Marble Season was specifically mentioned in the PEN USA Literary Award Hernandez won in 2013 for lifetime achievement in graphic literature. Yet Julio’s Day, published a few months before Marble Season, is even more dazzling in its treatment of time. We track its long-lived Mexican-American protagonist from birth to death—100 years that, as Brian Evanson notes in his Introduction, are also the “life of a century”—beginning in 1900 and ending in 2000. But in remarkable time compression, each year is highlighted in just one page! Akin to time-lapse photos, these graphic “snapshots” show dramatic changes in characters’ appearance and encompass four generations. Hernandez’s inclusion of an introductory graphic legend—a page identifying characters’ faces in different stages of life and their family connections—is very useful. Julio’s Day, like Marble Season, omits all panel boxes which traditionally might mark time or comment upon events.
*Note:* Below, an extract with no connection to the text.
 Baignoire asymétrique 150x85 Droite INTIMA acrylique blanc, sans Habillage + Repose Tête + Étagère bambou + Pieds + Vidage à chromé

Instead, throughout the book, Hernandez employs different sizes and configurations of rectangular panels to spotlight each ‘day’s’ events.
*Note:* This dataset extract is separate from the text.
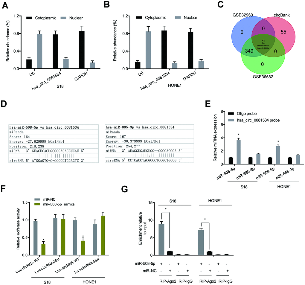 To assess mechanisms underlying the influence of hsa_circ_0081534 in NPC, we determined the location of hsa_circ_00815343 in NPC afflicted cells. Results indicated that subcellular localizations of hsa_circ_0081534 mainly occurred in cytoplasm (Figure 3A, 3B). Bioinformatic analyses suggested that both miR-508-5p and miR-885-3p were potential targets of hsa_circ_0081534 (Figure 3C, 3D). Pull down assay indicated that miR-508-5p was abundantly pulled-down by hsa_circ_0081534 probes in both S18 and HONE1 cells (Figure 3E). Next, correlations between hsa_circ_0081534 and miR-508-5p were further examined by use of dual-luciferase reporter and RIP assays (Figure 3F, 3G).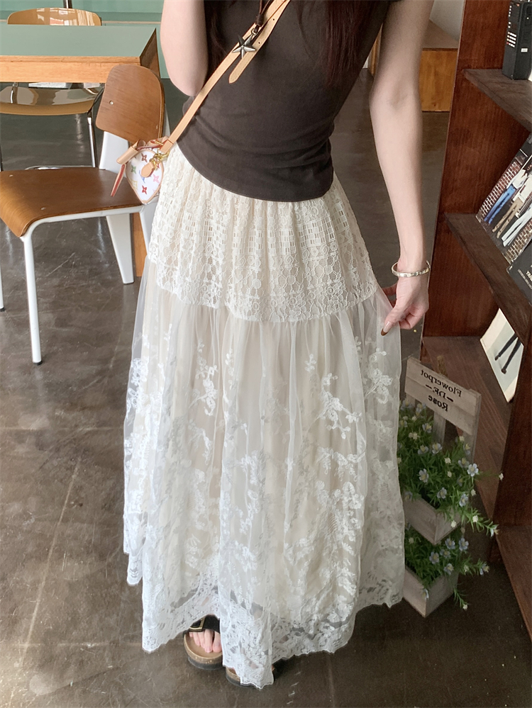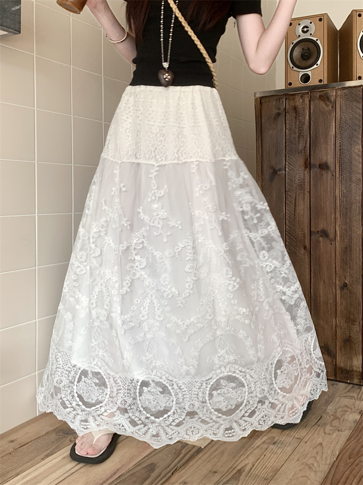 허리 슬림 한 A- 라인 틈새 디자인 탄성 허리 미드 길이 치마를 가진 여성을위한 실제 가격 프랑스 흰색 레이스 스커트

Julio's DayFrom the first, totally black panel (which turns out to be the interior of newborn Julio’s wailing mouth) to the final totally black panel (the interior of centenarian Julio’s gaping mouth, as he lies dying), we are transfixed by Hernandez’s dramatic uses of black and white. A page of looming, ever-growing storm clouds needs no words to convey young Julio’s dismay after his first day of school. His joy in learning has been destroyed along with the book school bullies rip from his hands as they torment and humiliate him, too. Later, we see how 20th century landmark events—the Depression, droughts, wars, and social upheavals such as the civil and gay rights movements—affect Julio’s extended family. Sadly, unlike a gay great-nephew who lives openly and happily with his partner, Julio himself remains a closeted homosexual, finally denying his only lover and never admitting or acting on his strong feelings for lifelong-friend Tommy.
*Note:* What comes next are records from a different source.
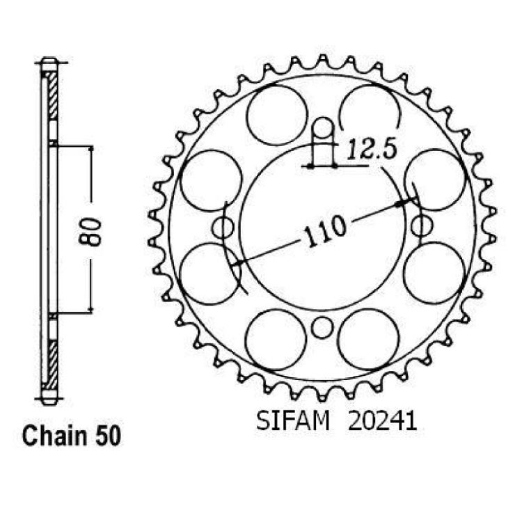 50 zubů Honda XR 250 R, r.v. 1984 – 1985 výrobce: Sifam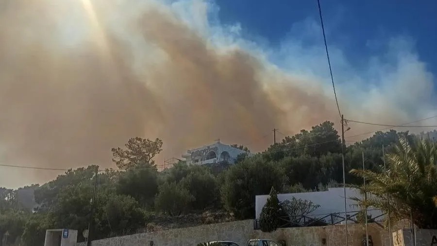 Σύμφωνα με πληροφορίες, το πύρινο μέτωπο ξεπερνά τα έξι χιλιόμετρα, έχει φτάσει στη θάλασσα, όπως αναφέρεται χαρακτηριστικά, ενώ στην περιοχή πνέουν άνεμοι 10 μποφόρ.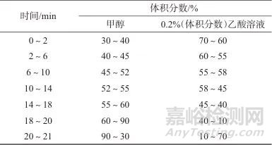 色譜柱:ACQUITY UPLC HSS T3柱(100 mm×2.1 mm,1.8 μm,美國(guó)沃特世公司);流動(dòng)相:A相為甲醇, B相為0.2%(體積分?jǐn)?shù))乙酸溶液,流量為0.4 mL/min;柱溫:40 ℃;進(jìn)樣體積:2 μL。洗脫方式:梯度洗脫,洗脫程序見表1。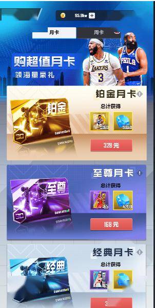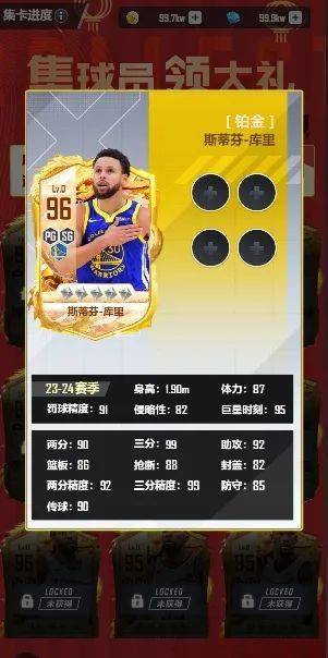 铂金月卡包40抽必出金卡球员,240抽必出90-94铂金卡球员!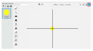 Pour cela, cliquer une première fois sur le petit pinceau en dessous de la scène, dans la liste des lutins, et dessiner une balle. Recommencer l’opération deux fois pour dessiner une brique et une raquette.

Julio's DayOther family secrets are hinted at through elliptical comments and visual cues that readers must ‘piece together’ for ourselves. One involves the child abuse perpetrated on several generations by Julio’s Uncle Juan. One of Julio’s other great-nephews finally exacts brutal justice on the elderly Juan. Another family mystery is the reason for a difficult journey young Julio’s father undertakes early in the novel. It appears that in this good Catholic family he is a practicing crypto-Jew, a descendent of Jews who escaped the Spanish Inquisition by hiding their true beliefs. Does Julio’s mother exact a terrible price for what is in her eyes heresy, or is what happens to her husband merely bad luck? Teen readers will draw their own conclusions as they read this engrossing, melodramatic but also believable family saga.

As 2014 begins, I look forward to another year of great reading. Even as these years seem to zip by too quickly now, I am comforted by another observation made by neuroscientist David Eagleman: Smaller-bodied creatures, with shorter pathways to the brain than big ones, get more from and live more in each moment than larger critters. I have never been happier to be a petite 4” 11”!